- [Requirement] The lines below, from the one containing "Tan corded hollow" through the one containing "小学语文阅读教学中情景教学的应用", should be set down exactly, with no pictures and nothing else.

- [Available data]
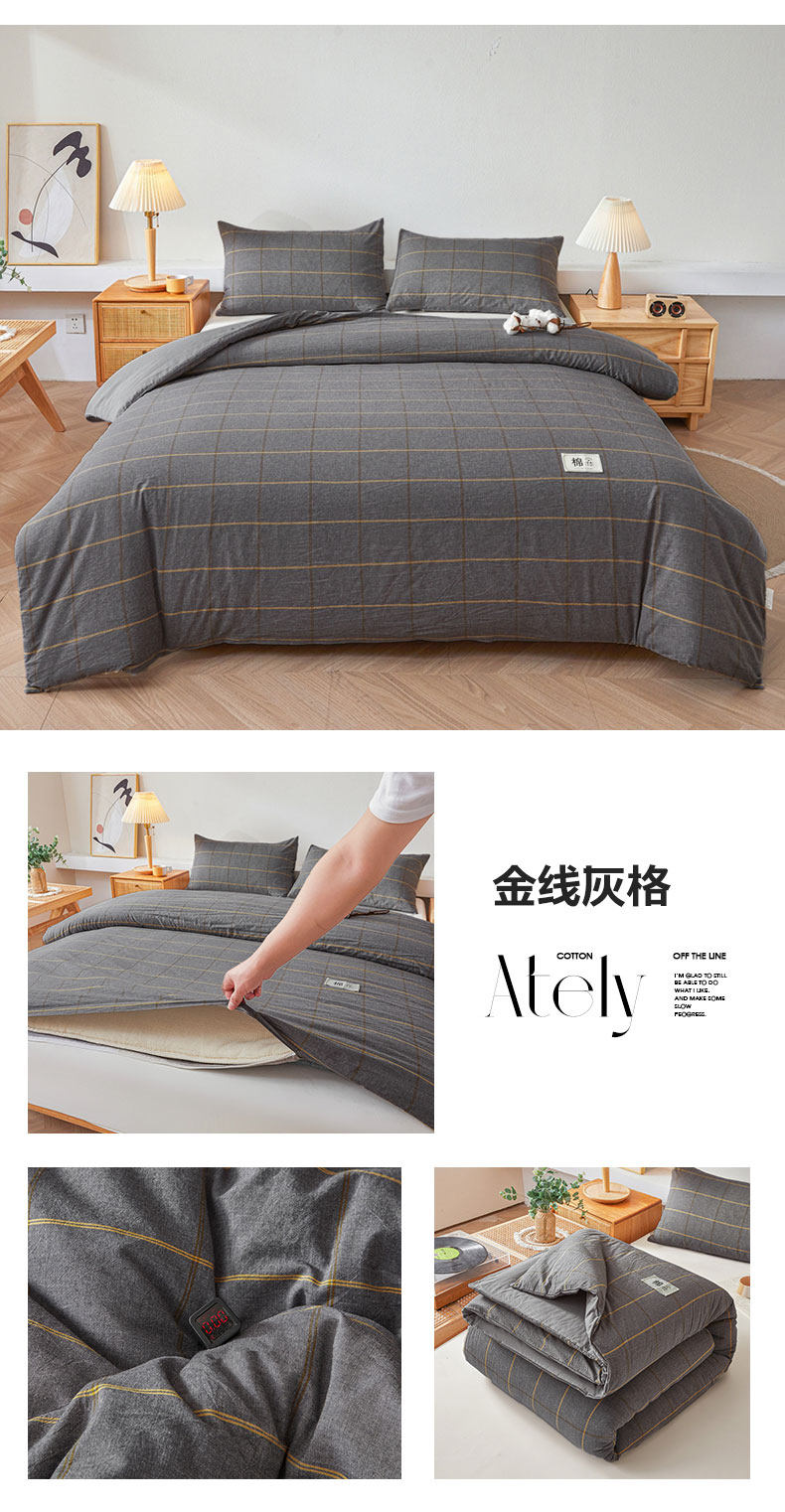 被套可拆款-金线灰格
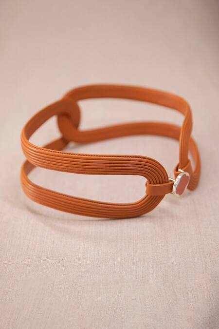 Tan corded hollow belt made from faux leather, featuring interlaced belt loops at the back and a casted enamel buckle
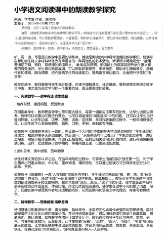 小学语文阅读教学中情景教学的应用
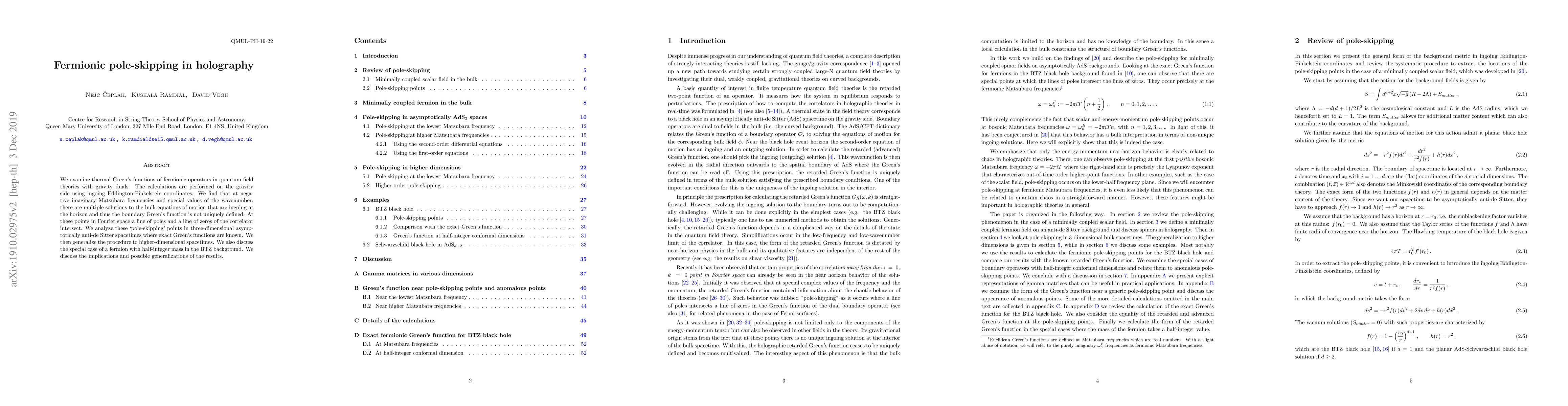 We examine thermal Green's functions of fermionic operators in quantum field theories with gravity duals. The calculations are performed on the gravity side using ingoing Eddington-Finkelstein coordinates. We find that at negative imaginary Matsubara frequencies and special values of the wavenumber, there are multiple solutions to the bulk equations of motion that are ingoing at the horizon and thus the boundary Green's function is not uniquely defined. At these points in Fourier space a line of poles and a line of zeros of the correlator intersect. We analyze these `pole-skipping' points in three-dimensional asymptotically anti-de Sitter spacetimes where exact Green's functions are known. We then generalize the procedure to higher-dimensional spacetimes. We also discuss the special case of a fermion with half-integer mass in the BTZ background. We discuss the implications and possible generalizations of the results.

- [Problem solution]
 Tan corded hollow belt made from faux leather, featuring interlaced belt loops at the back and a casted enamel buckle
 小学语文阅读教学中情景教学的应用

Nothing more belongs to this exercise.